Crescita del Pil e consumi al ribasso: una dicotomia sostenibile?

Uffici studi ed esperti parlano di una netta ripresa economica per il nostro paese nel 2021. Ma la realtà di molte famiglie italiane è diversa, alla luce della dinamica di alcuni macro trend

L’Istat stima per il terzo trimestre di quest’anno un aumento del Pil pari al 2,6% rispetto al trimestre precedente e del 3,8% in termini tendenziali, con una previsione di crescita a fine 2021 del 6,1% rispetto all’anno precedente. Va considerato che nel pre pandemia, secondo dati di Confcommercio, tra il 1996 e il 2013 l’Italia è il paese che ha registrato le dinamiche di sviluppo del Pil pro capite “di appena il 2,1%, ben lontano da Francia (+18%), Spagna (+24,5%), Germania (+25,4%) e Regno Unito (+31,9%)”. In questo quadro, come si colloca la notizia che a una famiglia media italiana verranno tolti dalle tasche quasi mille euro su base annua a causa dei rincari? Con l’inflazione al 3% e la corsa senza sosta dei listini dei carburanti, che oggi costano alla pompa il 30% in più rispetto allo scorso anno insieme al rincaro dell’energia di quasi il 25%, come possiamo spiegare agli italiani che l’economia è in ripresa? Sempre secondo l’Ufficio Studi di Confcommercio, nell’ipotesi di un aumento medio dei prezzi del 3% si perderebbero circa 2,7 miliardi di euro di consumi, che potrebbero arrivare fino a 5,3 miliardi nell’ipotesi di un’inflazione al 4%.
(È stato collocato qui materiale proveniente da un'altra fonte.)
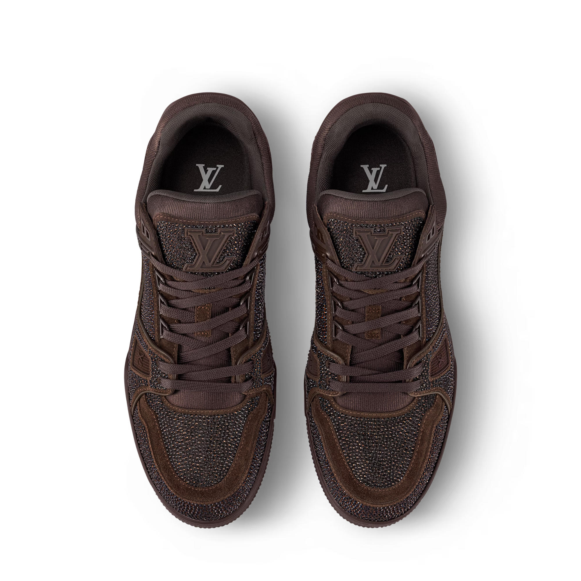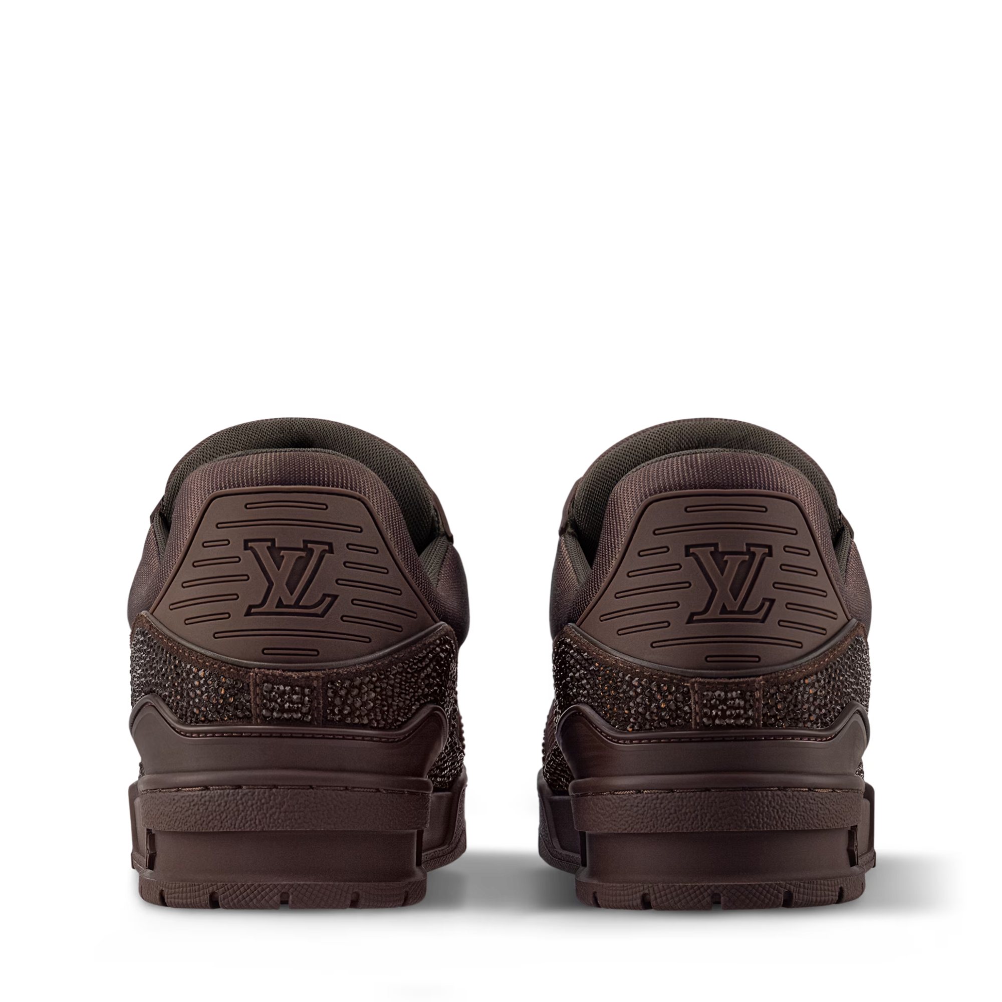 This exclusive edition of the LV Trainer sneaker is entirely covered in sparkling Swarovski™ crystals. This iconic model was originally designed by Virgil Abloh, who drew inspiration from vintage basketball sneakers. The technical rubber outsole, which is decorated with Monogram Flowers, is matched to the upper for a smart, monochrome look.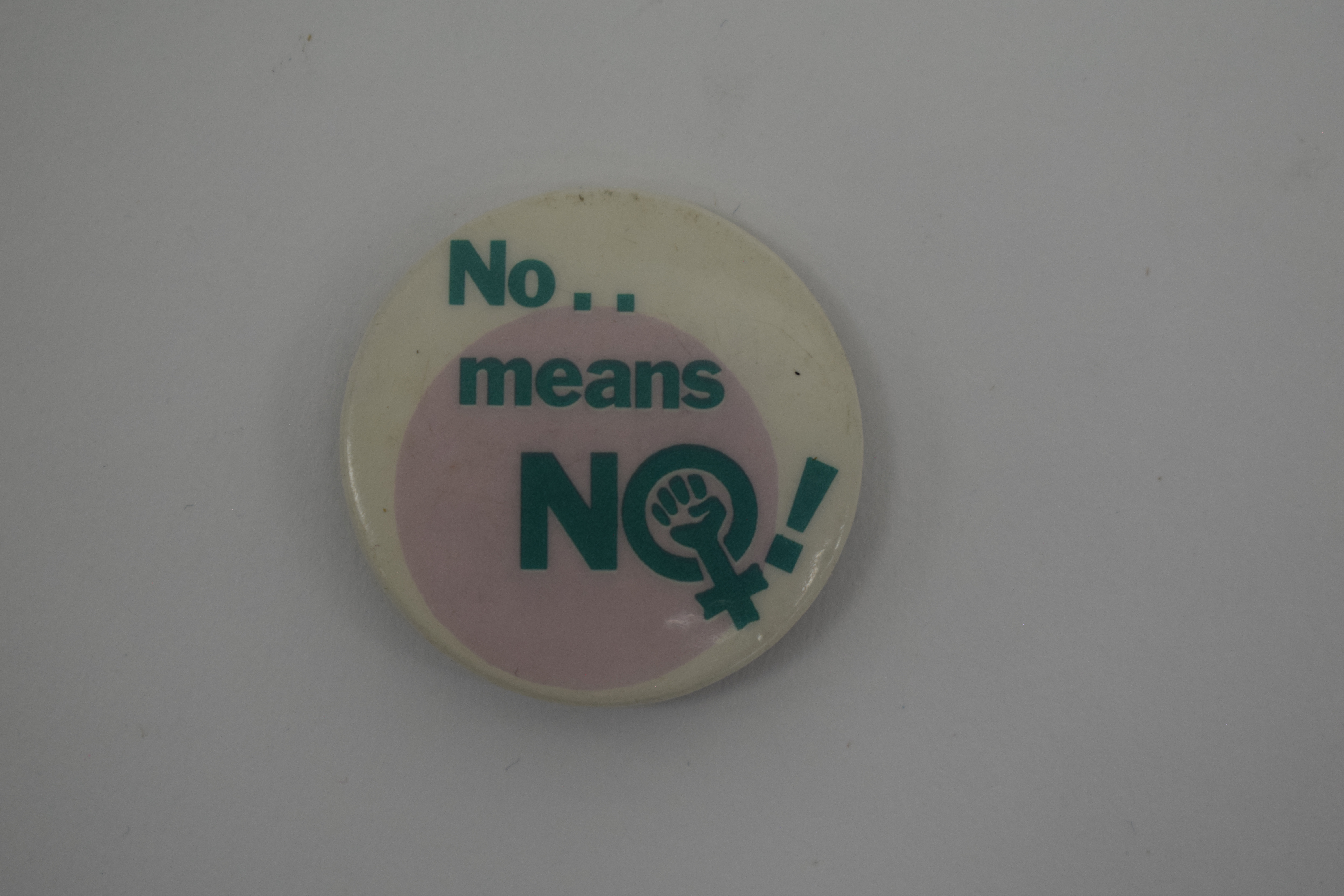 Round white badge with green text "No Means No!" and a combined logo of Venus symbol (?) and raised fist. "No Means No" is a well-known anti-rape slogan that emphasises the importance of respecting boundaries and consent.

Ogni impresa in questi giorni ha dato i propri numeri. Tutti più o meno convergono su una stabilizzazione del fatturato sui binari pre Covid. Molti, anche nell’ottica, si esprimono su scenari di mercati internazionali in ripresa nonostante le difficoltà logistiche e i rincari dei trasporti e l’aumento spropositato, se non l’irreperibilità, di alcune materie prime. Se vogliamo sintonizzarci su ogni opinione rischiamo di uscirne disorientati. Un organismo autorevole come la Cgia di Mestre ha recentemente evidenziato come da febbraio 2020 a settembre 2021 ci sia stata la falcidia dei lavoratori autonomi (-327 mila) e quindi della microimpresa. Questo dato negativo non è stato recuperato dalle assunzioni, per lo più a tempo determinato, che sempre secondo la medesima fonte e sempre nello stesso periodo sono cresciute di oltre 100 mila unità, mentre i dipendenti a tempo indeterminato sono diminuiti di 95 mila.

Il nostro paese in questi venti mesi ha profuso un grande quantitativo di denaro per arginare l’alluvione sociale ed economica scatenata dalla pandemia. Eppure non possiamo permetterci di essere né ottimisti né pessimisti, ma semplicemente realisti. Realisti sul fatto che l’impatto sanitario dell’emergenza non è ancora terminato. Realisti che, dopo l’influenza, che tu sia sfebbrato non indica che sei guarito. Realisti soprattutto sui proclami. Oggi occorre un impegno collettivo diverso e un approccio al mercato innovativo nelle relazioni rispetto al 2019. Non credo al segno X sulla schedina: l’economia non tornerà nel 2022 quella di prima, anche nell’ottica. O peggio, tanto peggio; o meglio, molto meglio. Sta a noi, singolarmente, mettere il nostro piccolo mattone. Senza girarci dall’altra parte.